Весьма интересное, хотя и спорное исследование славистки Энн Икин Мосс, посвященное истории женских сообществ XIX-XX веков в России, представляется крайне занимательным именно для отечественной читательницы. Потому что наша Родина, как никакая другая страна мира, имела невероятно богатый (и далеко не всегда удачный) опыт создания и развития культуры объединений. Некоторые ученые объясняют это уникальное прошлое подсознательной тягой российского человека к общинности, соборности, коллективности — в противовес индивидуализму, эгоизму, отъединению. К примеру, согласно недавно вышедшему труду историка М. Давыдова («Цена Утопии»), коллективизм как явление проистекает не от влияния извне, а живет в самой природе нашей, и Э.И. Мосс разделяет это убеждение. Однако спор о доминировании или ослабевании «коллективистского, соборного» начала, «особого общинного мышления» у русского человека (в противовес якобы осознающему себя отдельно европейцу), тем более женщины, — и всего плохого и хорошего, что из этого определяющего фактора вытекает, — лежит за рамками книги «Только между женщинами». Внимание в ней сосредоточено скорее на самом воплощенном явлении (сообществе, объединении, союзе), чем на его причинах, последствиях и загадках.

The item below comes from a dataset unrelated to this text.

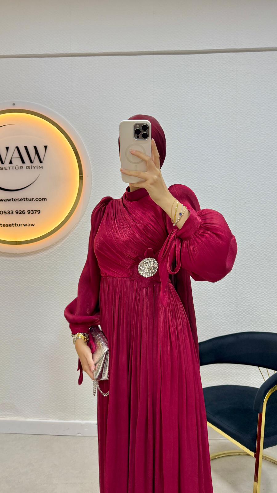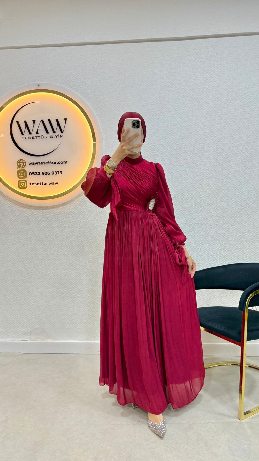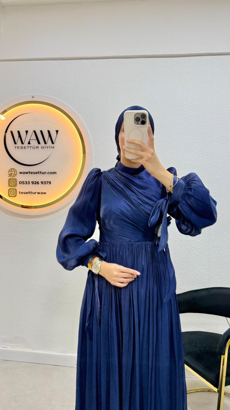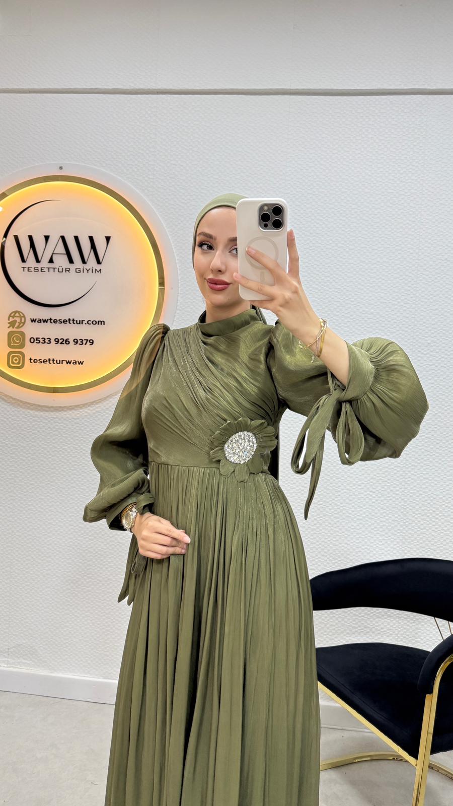 Kumaş : 1. kalite sofya kumaştan üretilmiştir.Boyu 140cm’dir.Belinde çiçek, kollarında bağlama detayı vardır.36/38/40/42/44 bedenleri mevcuttur.Çekim mankeni 170/60kg 38 bedeni tercih etmektedir.

В основе работы Мосс лежит очень простой вопрос: возможно ли было в принципе достичь положительного опыта — полноценной или хоть частичной самореализации женщины — как в «официальных, традиционных» сообществах (светском обществе, патриархальной семье, литературном салоне, фабричном производстве, трудовой артели), так и в неформальных (дружеском союзе, крестьянской внутрисемейной женской солидарности, объединениях товарок по несчастью в домах терпимости). Автор судит на основе тщательного анализа утопических, реальных и гипотетических женских единств. Некоторые из них, впрочем, лишь с натяжкой можно назвать союзом (например, чеховское сближение предпринимательницы Анны Акимовны и горничной Маши из «Бабьего царства»). В итоге славистка приходит к неутешительному выводу — прекраснодушные фантазии о «царстве женском» полностью разрушаются, соприкоснувшись с жестокой реальностью российской истории. Имея дело с пессимистическим, по большому счету, отношением ученого к собственному же предмету исследования, читатель, с одной стороны, жертва неоправдавшихся ожиданий: вместо еще одного вдохновляющего концепта или вывода он получает нечто вроде «лучше и не пытаться». С другой стороны, Мосс сохраняет в себе веру в женщину как в носителя потенциальных начал любви, добра, сострадания, солидарности, отказывая ей лишь в возможности реализации этих начал в контексте жестокой исторический реальности. Такой двоякий вывод мирит нас отчасти с некоторой разочарованностью ученого, к которому применимо известное пелевинское: «Может, тебе просто этот мир не нравится, парень?».    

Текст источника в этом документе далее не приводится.